The form of double antibody depends on the purpose of action

With the development of recombinant protein expression technology and antibody engineering technology, many different antibody forms have been produced. The optimal antibody structure depends on the desired biological effect and its underlying structural conditions. Multispecific antibodies are used for various purposes, including receptor activation, blocking, internalization, aggregation, binding of membrane-associated proteins, or targeted targeting of cytotoxic effector cells.

Structural characteristics of artificial immune synapses

The physiological immune synapse (IS) between antigen presenting cells (APC) and T cells is the key to T cell activation. On the T cell membrane, IS appears as a nested ring structure, often called “bullseye”. The central area cSMAC (central supramolecular activation cluster) contains complexes such as T cell receptor (TCR), costimulatory molecule CD28, immune checkpoint suppression (such as PD-1 or CTLA-4), signal mediators such as Lck (lymphocyte specific Protein tyrosine kinase) and PKC (protein kinase C), as well as cytotoxic molecules such as perforin.
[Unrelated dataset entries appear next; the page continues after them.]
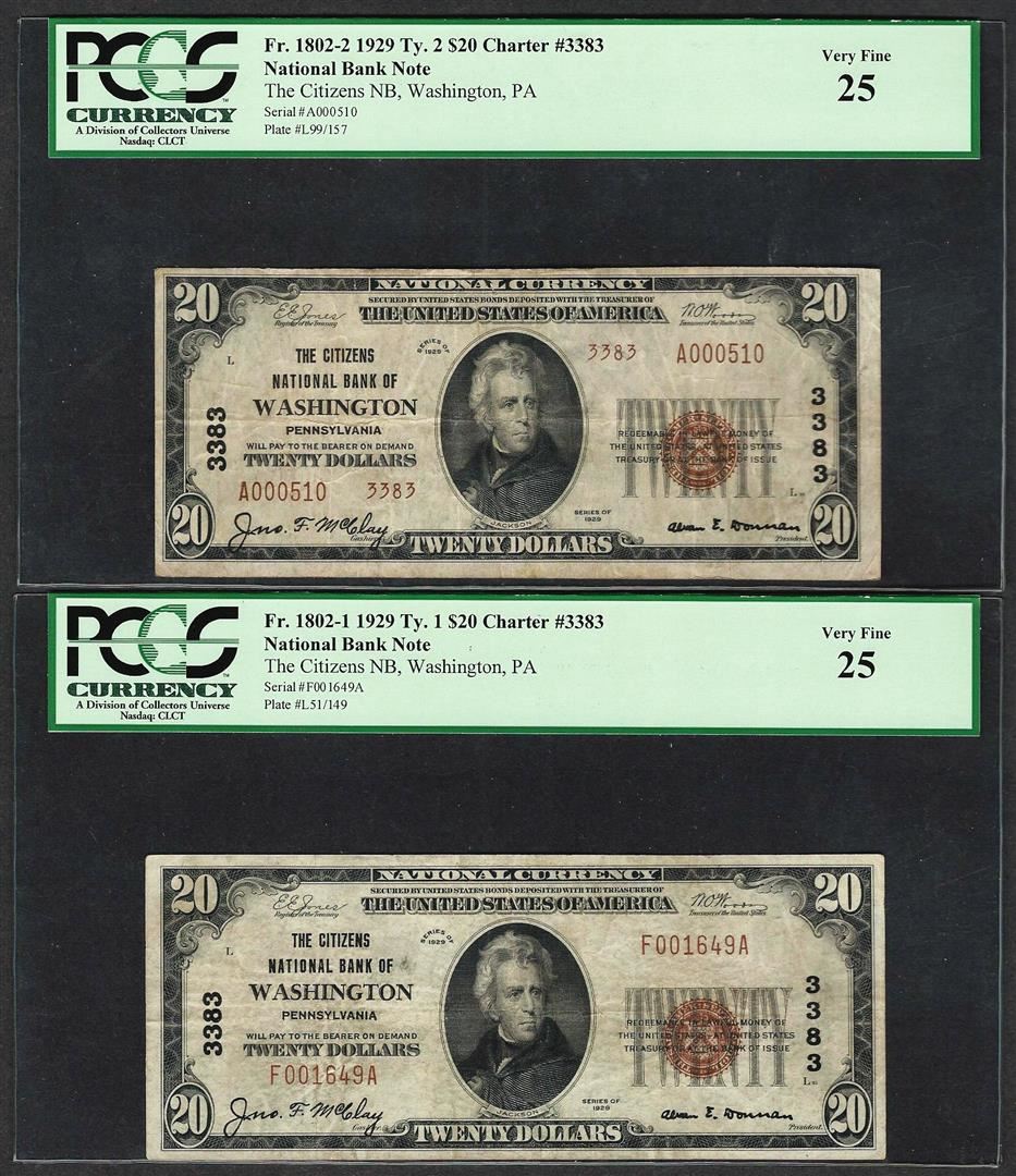 One 1929 $20 Ty.1/2 Citizens NB Washington, PA CH# 3383 National Currency Notes PCGS VF25. PCGS Graded.
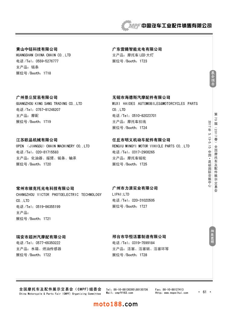 第36屆秋季(廣州)全國摩托車及配件展示交易會參展企業名錄
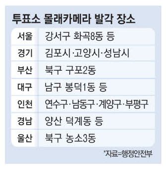 A씨는 인천시 남동구 장수서창동, 서창2동, 계양구 계산1·2·4동 등 사전투표소 5곳에 몰래 들어가 불법카메라를 설치한 혐의를 받고 있다. 카메라는 정수기 주변을 비롯해 투표소 내부를 촬영할 수 있는 위치에 설치됐다.
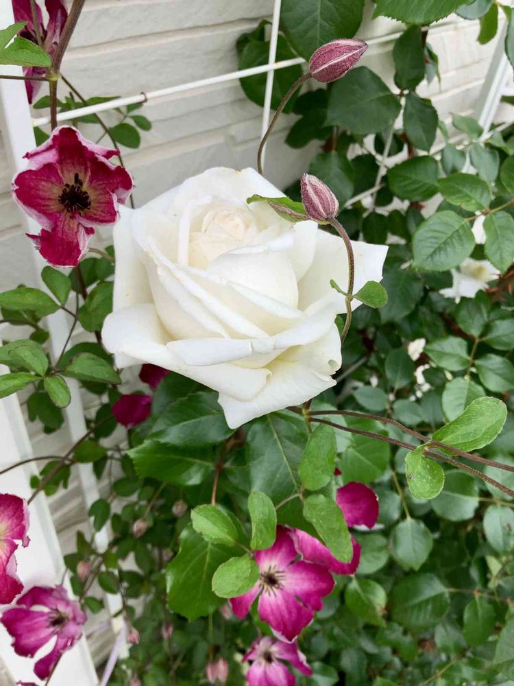 すごく美人に咲いてるし、またこのクレマチスの赤紫?!(ほんと色も形も👍)

cSMAC is surrounded by surrounding SMAC (pSMAC), which contains many adhesion molecules, which mediate cell-cell binding (such as LFA1). The distal ring (dSMAC) includes inhibitory tyrosine phosphatase CD45 and dynamic actin. The membrane distance between APC and T cell is about 13-15nm. Experiments have shown that an elongated membrane spacing reduces T cell activation, indicating that a closer distance is necessary to properly induce T cell activation.

It is well known that BsAb promotes the formation of regular cytolytic immune synapses by simultaneously binding the TCR subunits CD3ε and TAA on target cells. The artificial immune synapse is a highly organized structure with the same characteristics as the physiological topology. The membrane distance between tumor and T cell is very important, therefore, antibody size is a key parameter for synapse formation.

Short binding arms are more effective for antigens at the distal end of the membrane

In order to compare the relationship between the binding arms of different double antibody forms and the ability to form artificial immune synapses to induce T cell activation, the experimenters designed a new bispecific diabody Fc (DbFc) format, which uses a more compact structure. type. Compared with the IgG-based molecular format, the distance between the two antigen recognition arms is estimated to be 3–6 nm and 9–15 nm, respectively.

In addition, in order to systematically study the role of epitope position in T cell-directed therapy, the experimenters designed a series of cell lines expressing BCMA antigen by using epidermal growth factor (EGF)-like domain as a relatively rigid structural spacer. These cell lines use different EGF-like domains as tethers to increase the distance to the target cell membrane.

The study found that at a 24-hour effector-to-target ratio (E:T ratio) of 5:1, all three molecules showed almost equal activity in inducing the lysis of T0 cell lines, and T0 cell lines showed BCMA on the cell surface. There is no tethering. As the distance to the cell surface increases with the increase in the number of EGF-like domains, the ability of bispecific IgG2 to induce the directed lysis of T cells rapidly weakens, while Db and DbFc show quite strong cells in cell lines T0 to T5 Toxicity, the potency in T6 and T7 is significantly reduced.

This indicates that the proximity of T cells to target cells by bispecific antibody molecules has an important impact on the efficiency of immune synapse formation. The difference between full-length IgG and Db-derived molecules can be explained by the arm spacing of the two antigen binding sites, because Db and DbFc are more rigid and compact, resulting in a relatively short distance between T cells and antigen-expressing cells. When the distance threshold for T cell activation is exceeded, the killing function of the double antibody will be significantly reduced.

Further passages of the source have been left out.